追突
宇宙はひろく、まるで宝石箱をひっくり返したかのような瞬きらめきである。
その中でもとりわけ真珠のような月は、段々と、しかし確実に大きくなっていた。
しかし奇妙だ。先程から、コツン、コツンとなにか当たる音が絶え間なく一定に続いている。カラスマはすこし丸くボコッと膨れたガラスから船の外側を観察する。
すると、カラスマは驚いて腰を抜かしてしまった。なんと、触手のような生き物がこびりついているではないか。
「大変だ、これは、大発見になるかも知らん」
カラスマは出発の前、マリアを誘いに行く前に、一度家へ帰っていた。
そのとき、役に立ちそううなものはすべてカバンに詰め込んできていた。そのうちの一つが、その写真機である。これは、異端審問会に連れていかれたカラスマの父親が使っていたものだった。カラスマが幼い頃は、よく海に連れてってもらったものだった。
カバンから写真機を取り出すと、その薄紫色をしたなんとも気味の悪いタコの足のような触手をぱしゃりとレンズに収めようとする。
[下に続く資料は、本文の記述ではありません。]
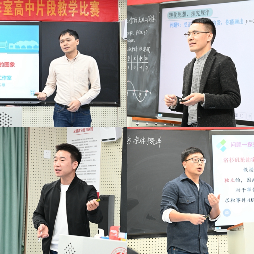为了提高教师的业务能力,促进教师专业发展,工作室举办了此次高中数学片段教学比赛。张志雄老师和伍刚参赛的课题是《5.4.1正弦函数、余弦函数的图象》。张老师从定义出发探究正弦函数的图象,通过八等分、十六等分、三十二等分0到2π这个区间得到正弦函数的图象的轮廓,之后在这个图象上选取五个关键点,使学生能够通过“五点法”迅速准确地做出正弦函数的图象。伍老师用摩天轮视频引出课题,引导学生探索画坐标系一个点到任意点,用滚动单位圆模型,细绳缠绕法在坐标系中找横坐标,平移正弦函数值找纵坐标等方法,突破了教学难点,并鼓励学生利用等分单位圆制定方案画正弦函数的图象,再用GeoGebra软件精准描点连线得到正弦函数图象。两位老师从教学内容解析、教学目标设置、学生学情分析、教学策略分析和教学过程设计等方面进行教学教学阐述。夏炎兵老师和田茂清老师比赛的课题为《7.1.1条件概率》。夏老师采用了“五有四化”主题式教学模式,通过引入生活情境,问题导学层层递进,最终回到解决生活实际问题上,让学生感受到所学内容有趣有用。田老师以洛杉矶抢劫案为情景引入,激发学生的学习兴趣,再从生男生女的概率问题,引出条件概率的定义,引导学生从实际出发,思考并学会解决生活中的实际问题。两位老师从教学目标设置、教学重难点分析、教学方法策略、教学过程与设计意图和课后评价与自主学习等进行教学阐述。

「これは、国からお金ももらえるくらいすごいんじゃないか」
「だめよ、異端審問に捕まったら、二度と、出てこられないわ」
マリアの目は疲れ切っていて、すこし寝るわと、目を閉じた。ガラスの反射と丸い角度から、カラスマが苦戦していると、タコはコツン。コツン。と音が次第にとぎれとぎれになって、最後には消えてしまった。
ああ、写真に収めることが出来なかった。
ゴウンゴウンとエンジン音が重く響く船内は、もはやマリアの鼻息とエンジン音しか音がしなかった。
宇宙は静かなんだなぁ。
地上では、この時間帯は隣の家のマーシャルばあさんが薪割りをしているだろう。家でもお母さんが花に水をやったり、掃除をしているだろう。
今頃僕は本当は、学校からの帰り道をてくてく歩いているんだろう。
ゴウンゴウンとエンジンは唸る。
カラスマの喉が欠伸を頻繁にするようになったその時、突然いつだかのようにピピピとアラームが鳴り始めたのだ。
がっしゃん。
船が大きく揺れた。
アラームは飽きること無く響いている。
「なんなのよう、なんなのよう」
マリアが目を白黒させて慌てふためいている。
船は不安定に回り始める。だんだん遠心力だか向心力だかの力を感じて、心臓が激しく脈打った。
「あれは、X国の印だよ!」
ぐるぐると回る窓の外にいるのはカラスマ達が乗っている機体とは大きさも形も違う、別の宇宙船だった。機体の横には大きなマークが書いてある。
「そんな事よりこの船を何とかしないと!」
マリアの言葉にハッとしたカラスマは操縦桿を手荒に揺らすが、何も変わった様子はなかった。
段々と、X国の船が遠くに行ってしまう。
いや違うんだ。僕達が離れていっているんだ。
そして、月もまた、遠くに離れていってしまった。
「何とかしてよぉ、このままじゃ私頭がどうにかなってしまいそうよ」
「うぅぅん!」
操縦桿を縦に横に斜めに揺さぶる。
全然何ともならない。
カラスマの心臓は更に早く大きく動く。
そして、端からどんどんボタンを押していった。もしかしたら、何か起こるかもしれない。
何語かで書かれていて、なんのボタンだか分からないけれど、それでも今は押すしか無かったのだ。
そして、特段大きい真っ赤なボタンを押し込むと、ブシュッ、と空気の抜けたような音がした。
その直後、ゴウンゴウンと唸っていたエンジンは止まり、そして瞬間、ボフッと急発進していった。
あまりの速さに、二人は頭の血が引いて気が遠くなった。